Despite restrictions from the United States and the European Union on its textile exports and its own decision to abolish export tariffs on certain lines of products, China remains firm in seeking a proper solution to international trade differences through dialogue rather than quotas or any means of retaliation.
Minister of Commerce Bo Xilai reaffirmed on Monday China's stance to solve the ongoing frictions with these two major trading partners over an allegedly drastic surge in textile exports through "equal consultations on the basis of mutual benefits."
But with only China's unilateral effort, the new world textile trade order will never be established.
Since the US and EU turned a blind eye to the voluntary measures of the Chinese government to curb soaring exports, China announced on Monday morning it will abolish export tariffs on 81 lines of textile products starting June 1 and will revoke its earlier decision to quintuple export taxes on 74 product categories.
At a press conference Monday afternoon, Bo said the Chinese government will definitely not accept the overall arrangement proposed by the US and the guideline by the EU for textile trade, both refuted as "inventions" beyond the arrangement and mechanism of textile integration.
By doing away with export tariffs on certain lines of products, the Chinese government is trying to ease the double pressure upon domestic textile companies and provide them with a fair and just trade environment.

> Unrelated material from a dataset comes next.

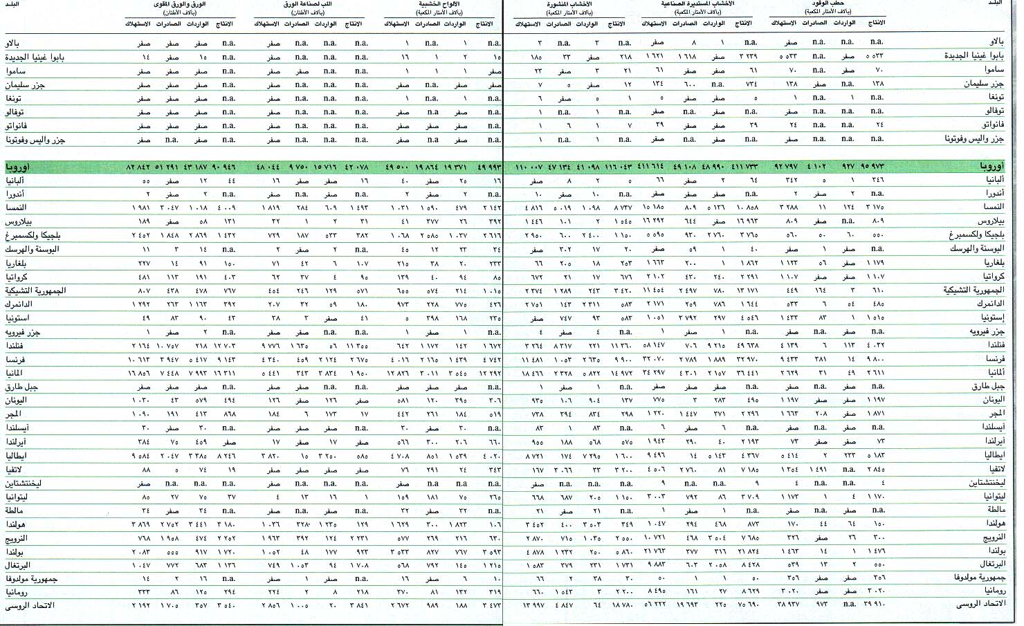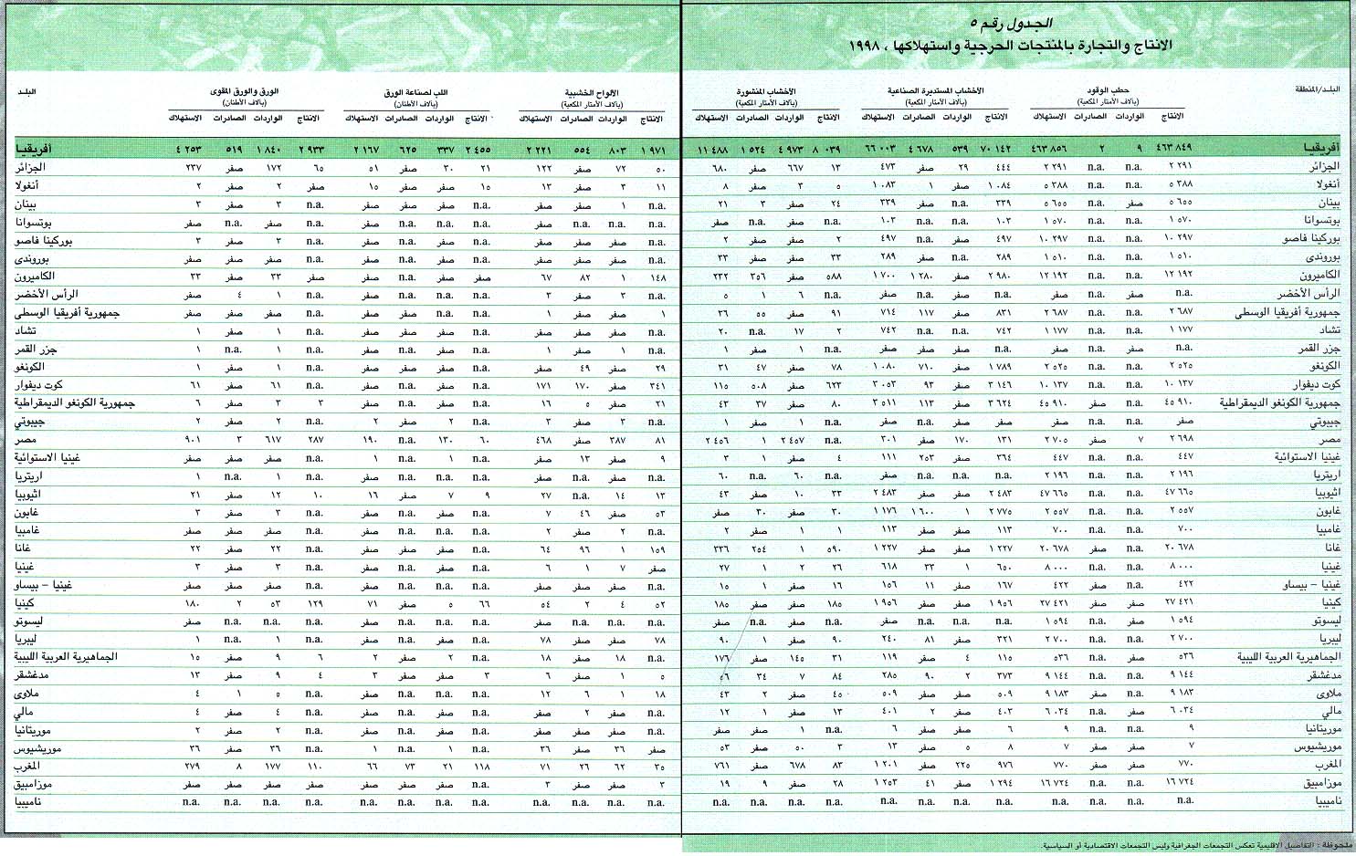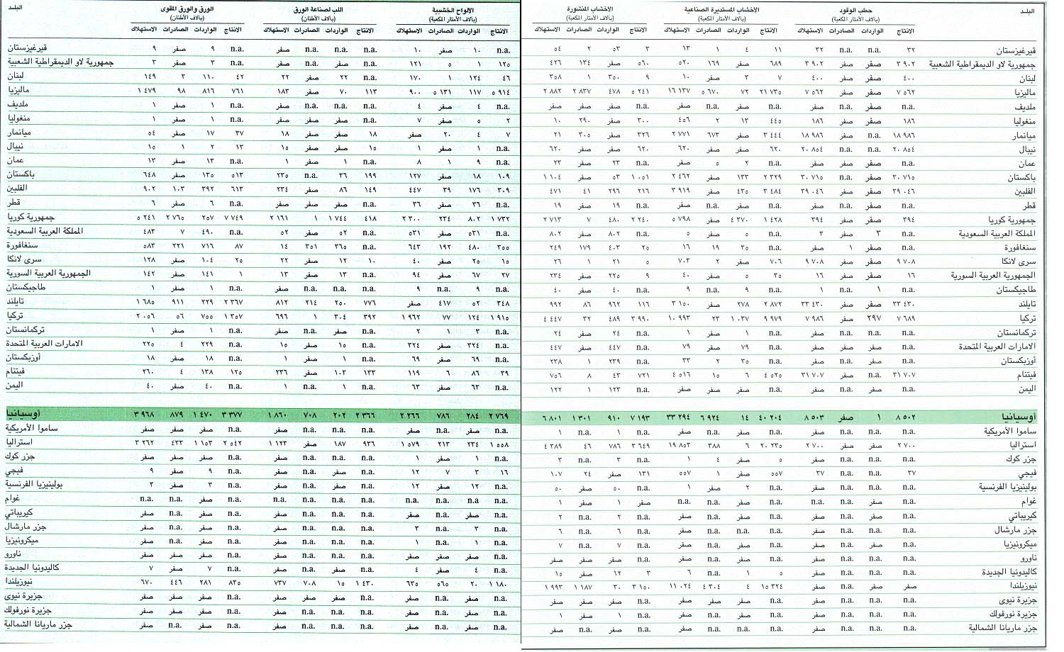 يتضمن الجدول بيانات عن جميع الأقاليم مقسمة إلى بلدان أو مناطق. ومصدر هذه البيانات هو: FAO Yearbook of Forest Products, 1998 (FA0, 2000c) . والمعلومات متاحة أيضا بشكل إلكتروني عن طريق موقع منظمة الأغذية والزراعة على شبكة الإنترنت www.fao.org . ويشير الرقم "صفر" إما إلى صفر حقيقي أو إلى قيمة لا تذكر (أقل من نصف وحدة). وقد تختلف المجاميع الإقليمية عن جملة مجاميع البلدان والمناطق المدرجة في الجدول، ويرجع هذا الاختلاف إما إلى تقريب الأرقام أو إلى أقاليم غير مدرجة في الجداول .

Yet the barrier hindering Sino-US, Sino-EU trade and economic cooperation remains and amicable consultation on equal footing will prove the ultimate way to lift such barrier.
Informal talks between the Chinese Ministry of Commerce and the European Commission, EU's executive arm, last week were welcomed by the Chinese government as a constructive step toward finding a solution satisfactory to both sides. China hopes that such moves will continue toward a proper solution satisfactory to both sides.
Meanwhile, China is also prepared to discuss the textile issue with US Commerce Secretary Carlos Gutierrez who is scheduled to visit China later this week.
In fact, China itself has taken voluntary actions, including imposition of export tariffs and cutting export tax rebate rates, to curb soaring textile exports after the global quota system ended at the start of this year.
On January 1, China began to impose export tariffs between 2 and 4 percent on 148 categories of textile and clothing products including jackets and skirts.
Its efforts have started to pay off and latest Chinese customs statistics say China's apparel exports in the first four months of 2005 rose 15.6 percent over the same period last year to US$19.27 billion, while the country's overall foreign trade growth for the four-month period was 34 percent year-on-year.
In another move to help establish a new world textile trade order and ease trade friction, China has decided to raise export tariffs on 74 lines of textile and clothing products as of June 1 by as much as five times.
All these voluntary approaches are aimed at seeking amicable and win-win settlement of the issue and avoiding a "trade war" that will be destructive to all.
The US has already set up a very bad example to that effect. Its recent move to slap quotas on seven categories of Chinese textile and clothing products has proven detrimental to the fundamental interests of businesses in China as well as its own.
The US restrictive measures affected a total of US$2 billion of China's export and job opportunities of 160,000 people.
More importantly, the restrictions will eventually backlash to hurt the Americans themselves: ordinary consumers will have to spend 20 percent more on clothing; importers will shift to other low-cost foreign suppliers and retailers will probably have less clothing categories to choose from -- and at higher costs, too.
Inexpensive Chinese-made children's wear, for example, has helped American parents save US$400 million between 1998 and 2003, according to a Morgan Stanley survey.
It is widely believed among the Americans that curbing imports from China does little to help the ailing textile industry of the US, which has been at a competitive disadvantage even before China became a full member of the world trading conglomerate in 2001. Nor will it help other developing nations much because the law of nature in the global trading system is for textile and other labor-intensive industries to be transferred to countries like China that enjoy rich resources and low costs.
Should the EU follow the US suite, it will also suffer the consequence and put the welfare of its 25 member economies at risk.
In today's world of economic globalization, it would be unwise to let the textile trade issue hinder the all-round growth of trade relations because after all, textile trade makes up only a tiny percentage in China's total trade with the US and the EU.
Last year, China's trade with EU and the US hit US$177.3 billion and US$169.62 billion respectively. Its textile exports to these two destinations, however, were valued at US$10.79 billion and US$9.06 billion, 6 percent and 5 percent respectively of their total trade volumes.